Senses Erkan, Narayanan Suresh, Mao Yimin, Faraone Antonio
NIST Center for Neutron Research, National Institute of Standards and Technology Gaithersburg, Maryland 20899-8562 USA.
Department of Materials Science and Engineering, University of Maryland College Park, Maryland 20742-2115 USA.
Phys Rev Lett. 2017 Dec 8;119(23):237801. doi: 10.1103/PhysRevLett.119.237801. Epub 2017 Dec 6.

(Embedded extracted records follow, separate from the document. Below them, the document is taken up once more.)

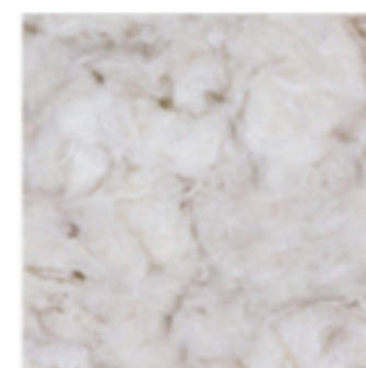
POLY-COTTON WHITE FIBERS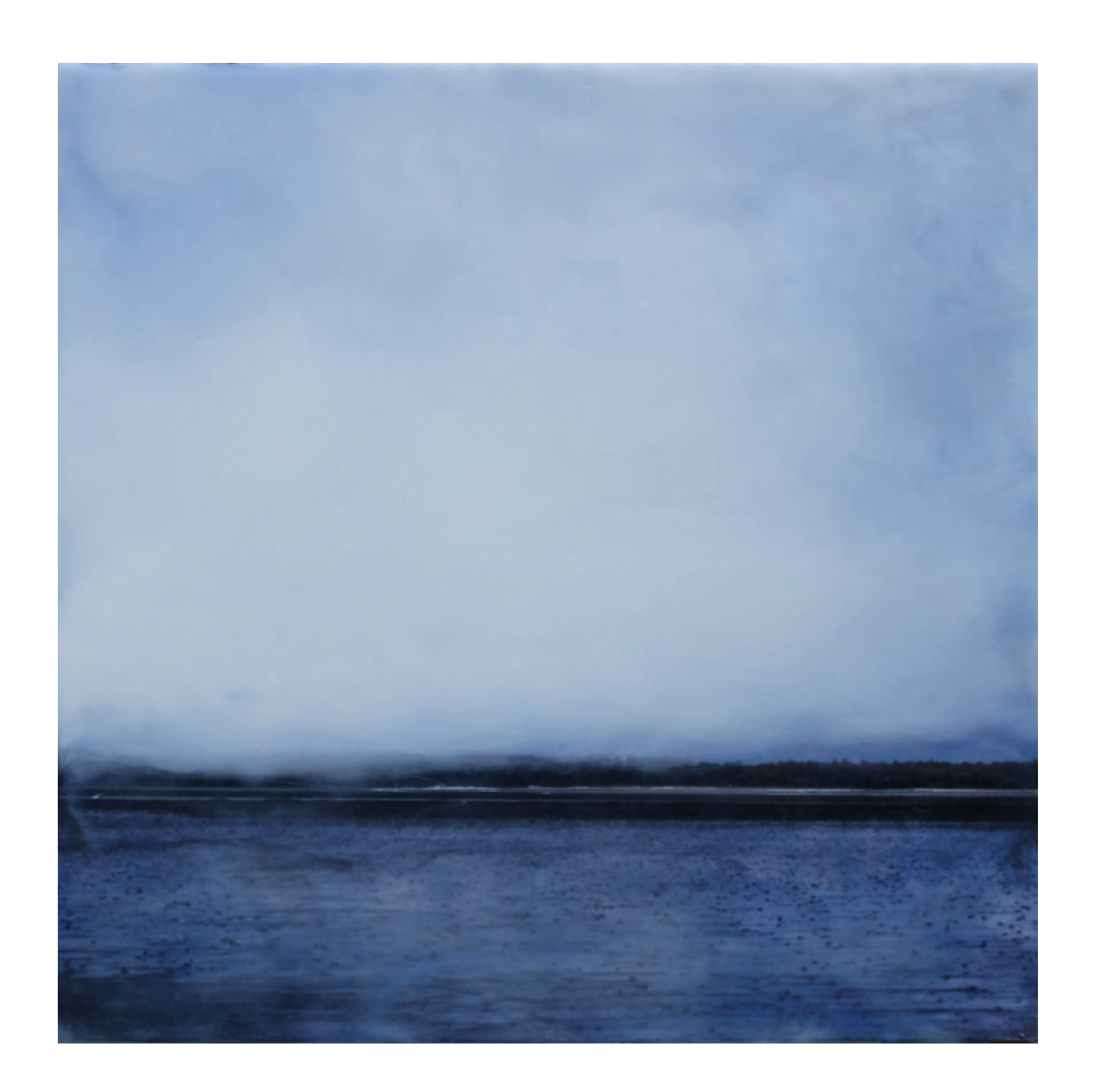
Blavand beeswax, resin and pigment on photo on panel 30cm x 30cm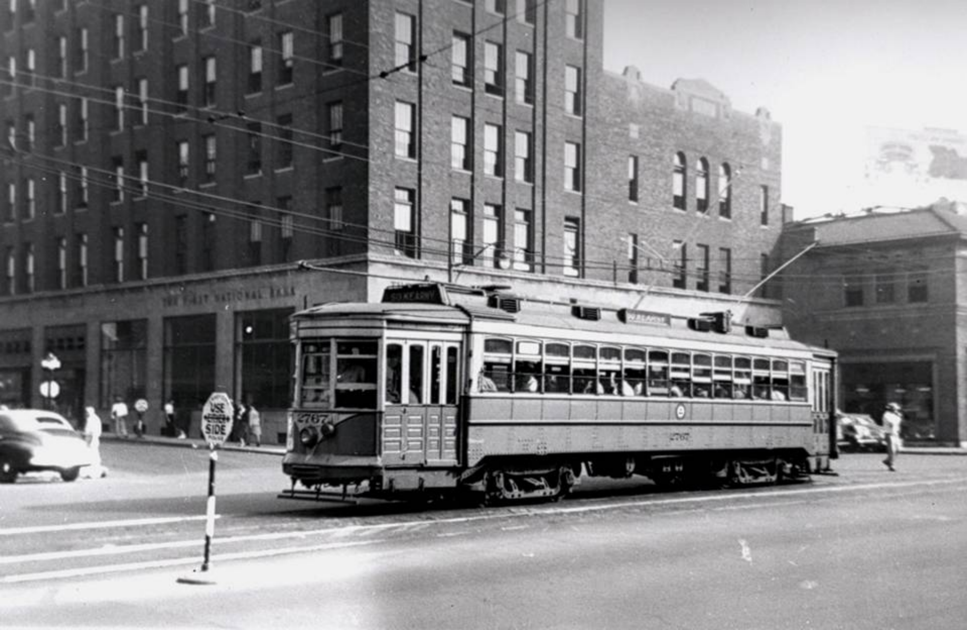
PSNJ 2767 Bergen Ave. Line Academy - South Kearney Line Actually Bergen Ave & Newkirk -Jersey City facing north (east side of street)

Using x-ray photon correlation spectroscopy, we examined the slow nanoscale motion of silica nanoparticles individually dispersed in an entangled poly (ethylene oxide) melt at particle volume fractions up to 42%. The nanoparticles, therefore, serve as both fillers for the resulting attractive polymer nanocomposites and probes for the network dynamics therein. The results show that the particle relaxation closely follows the mechanical reinforcement in the nanocomposites only at the intermediate concentrations below the critical value for the chain confinement. Quite unexpectedly, the relaxation time of the particles does not further slow down at higher volume fractions-when all chains are practically on the nanoparticle interface-and decouples from the elastic modulus of the nanocomposites that further increases orders of magnitude.
利用X射线光子相关光谱,我们研究了在高达42%的颗粒体积分数下,单独分散在缠结的聚环氧乙烷熔体中的二氧化硅纳米颗粒的缓慢纳米级运动。因此,纳米颗粒既作为所得有吸引力的聚合物纳米复合材料的填料,又作为其中网络动力学的探针。结果表明,仅在低于链受限临界值的中间浓度下,颗粒弛豫才紧密跟随纳米复合材料中的机械增强。非常出乎意料的是,在更高的体积分数下——当所有链实际上都在纳米颗粒界面上时——颗粒的弛豫时间不会进一步减慢,并且与进一步增加几个数量级的纳米复合材料的弹性模量解耦。